8 Hall Mario

Walking through New York City in the cold, I suddenly feel warmth.

Scan Mar 22, 2014, 9.31 PM-page3

This week, we talked about Rape of Nanking and the fundamental shift of Japan moving from Japan as the world to Japan in the world. When I read the Rape of Nanking, I felt awful, trying to understand why such atrocities happen in the world. Things have definitely changed since these times, but what could have caused the Japanese soldiers to do these things? I struggled to even find a single sentence or paragraph that stood out amongst the rest as the most horrifying, but any of them will do. “Perhaps one of the most brutal forms of Japanese entertainment was the impalement of vaginas.
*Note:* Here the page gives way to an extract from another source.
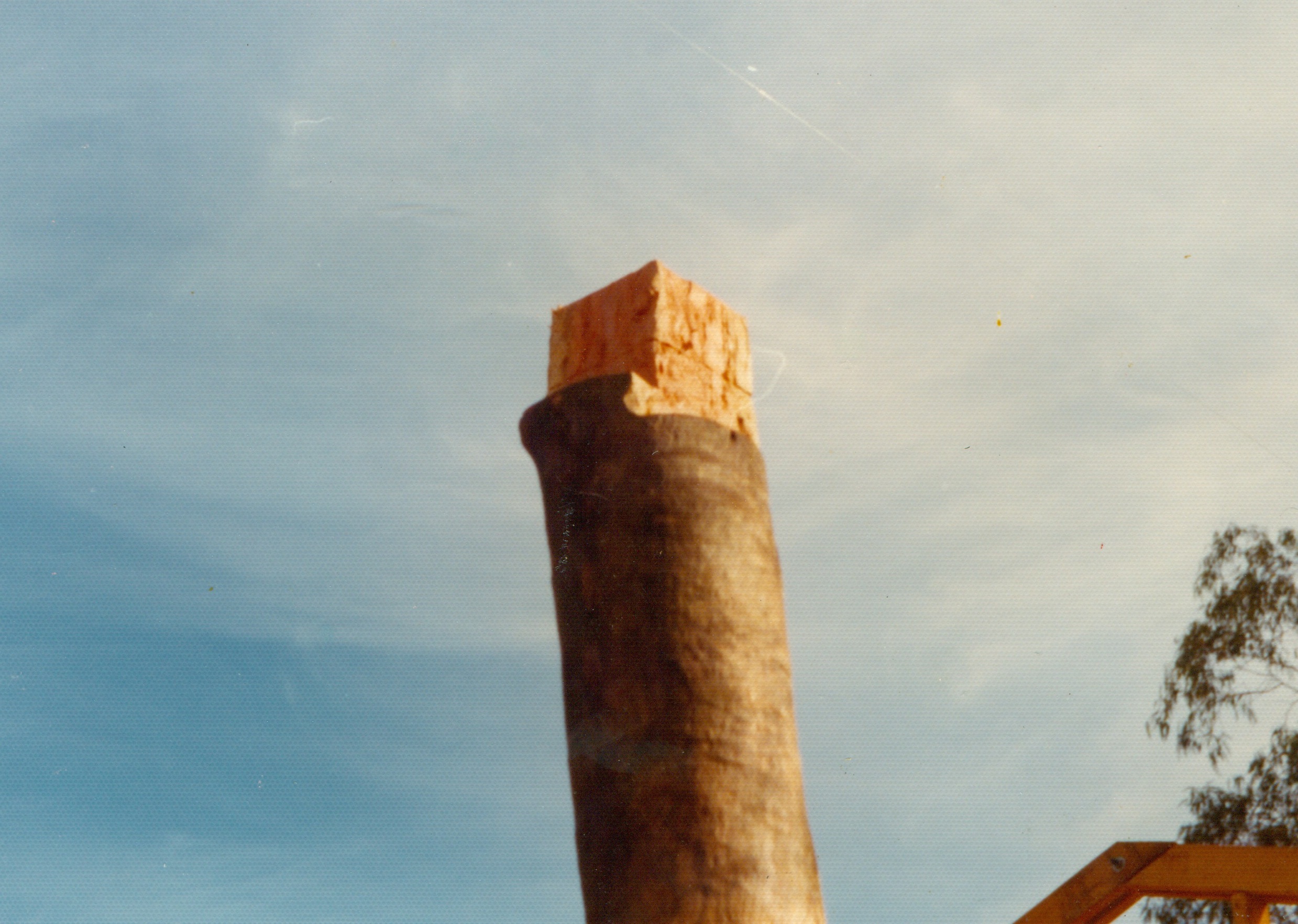 polesBy that time I had found, felled, skinned, transported and weathered the trunks of four big trees, two yellow box, one messmate, one stringy bark, and ended up with four big (reasonably) straight poles. On April 10th with the aid of my ute I got the poles in, and by the end of the 13th I’d finished the box for the slab. I did the preliminary feed plumbing on the 19th and the waste plumbing on the 20th. We were living in Horsham at the time and I was working on this at the weekends and sometimes coming out to the land after school. When I was doing my school work I’m not sure.

In the streets of Nanking, corpses of women lay with their legs splayed open, their orifices pierced by wooden rods, twigs, and weeds.” I realized that these acts may have come from the shift in ideology that accompanied the modern shift that had recently occurred in Japan following western influences. The idea of Japan as the world had come crashing down, and the Japanese people realized that they were just a small piece of a larger world. This horrifying act reminded me of the day in class when you mentioned to us that Japanese beaches are filled with trash; that while everybody makes sure they take off their shoes when they enter a home, they don’t care at all for the beach because it’s everybody’s beach and therefore is nobody’s beach. It is the only explanation I can find to explain why the Japanese soldiers would have committed this heinous act: the world that used to be theirs had become their beach. It wasn’t theirs, so they didn’t care about it. As you have said many times, “manners don’t matter when you’re on the road.”